My AF is currently back at rehab.

In June, he went for his first time. I was just a 7-day detox and then right into an out patient program. That did not go well, he later admitted that he had secretly drank starting on day one being back home. A few weeks into his outpatient, program, he admitted himself back to rehab, this time for 30 days.

AF came home from 30-day inpatient very motivated and focused on his new outpatient program, AA, and all he had learned about his recovery. About a week in, he relapsed. He denied it at first, but was required to go in for an assessment and failed a breathalyzer test. This happened this past Wednesday. He was discharged from his outpatient program, and required to go back for 7 day detox. He is currently there. He certainly didn't WANT to go back, but he didn't fight me on it either.

The plan is for him to gain some clarity during this 7-day detox and then his case manager and therapist will make a recommendation, whether that's a longer residential inpatient program or a sober living facility.

Yesterday, I spoke with AF and his case manager on the phone. AF says he feels very depressed and ashamed about his relapse. AF says he only wants to do the 7-day detox, does not want more inpatient treatment. He plans to "use everything he learned during 30 day inpatient to do better this time when he leaves." Wants to "keep a better routine, work the AA program, and rely on his sponsor and AA connections." Case manager asked if I am on board with this plan.

My response:
I encouraged him to be gentle with himself and give it time.

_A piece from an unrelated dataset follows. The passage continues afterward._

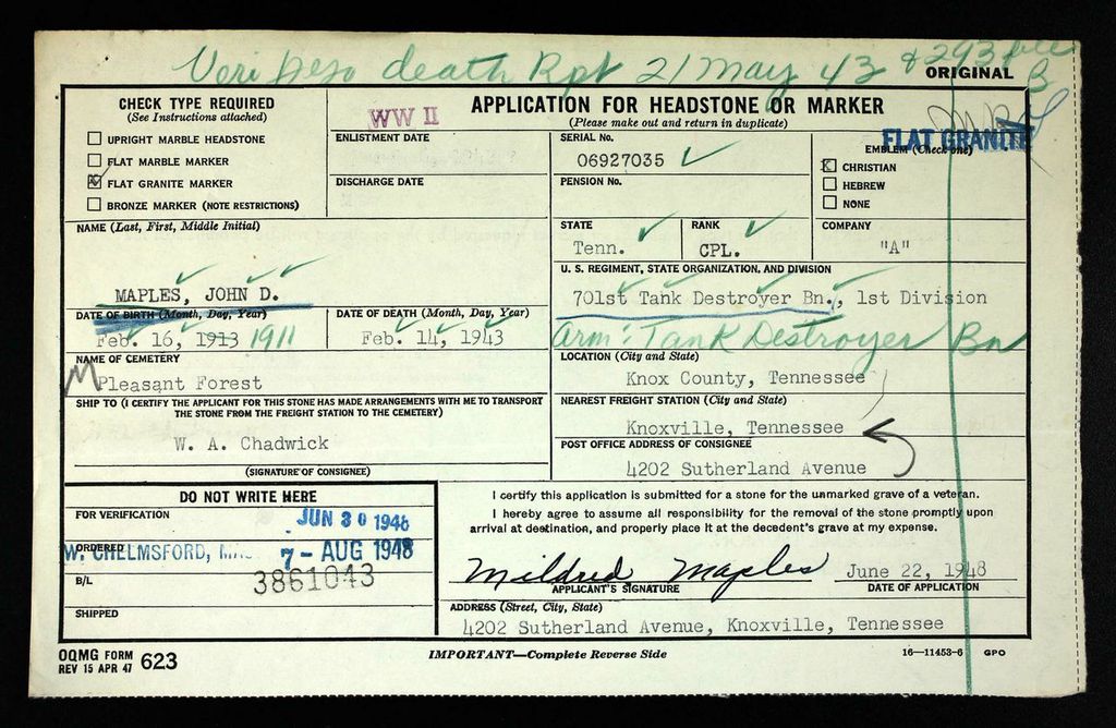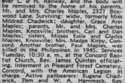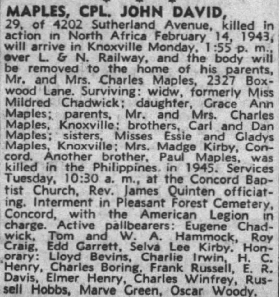 Cpl. John David Maples, 29, of 4202 Sutherland Avenue, killed in action in North Africa February 14, 1943, will arrive in Knoxville over L&N Railway, and the body will be removed to the home of his parents, Mr. and Mrs. Charles Maples, 2327 Boxwood Lane. Surviving: widow, formerly Miss Mildred Chadwick; daughter, Grace Ann Maples; parents, Mr. and Mrs. Charles Maples, Knoxville; brothers, Carl and Dan Maples, Knoxville; sisters, Misses Essie and Gladys Maples, Knoxville; Mrs. Madge Korby, Concord. Another brother, Paul Maples, was killed in the Philippines in 1945.

I then basically said that I don’t want to force AF to do anything and I want him to make choices for what he wants, and that I know any real change is going to come from him deciding to do it himself. I encouraged him to take a few days during detox and not make any decisions until later or not rule anything out at this moment. Of course, I told AF if he wants my opinion on a plan of action I will give it to him. But again, wanted him to take some time during detox to gain some clarity before making any decisions.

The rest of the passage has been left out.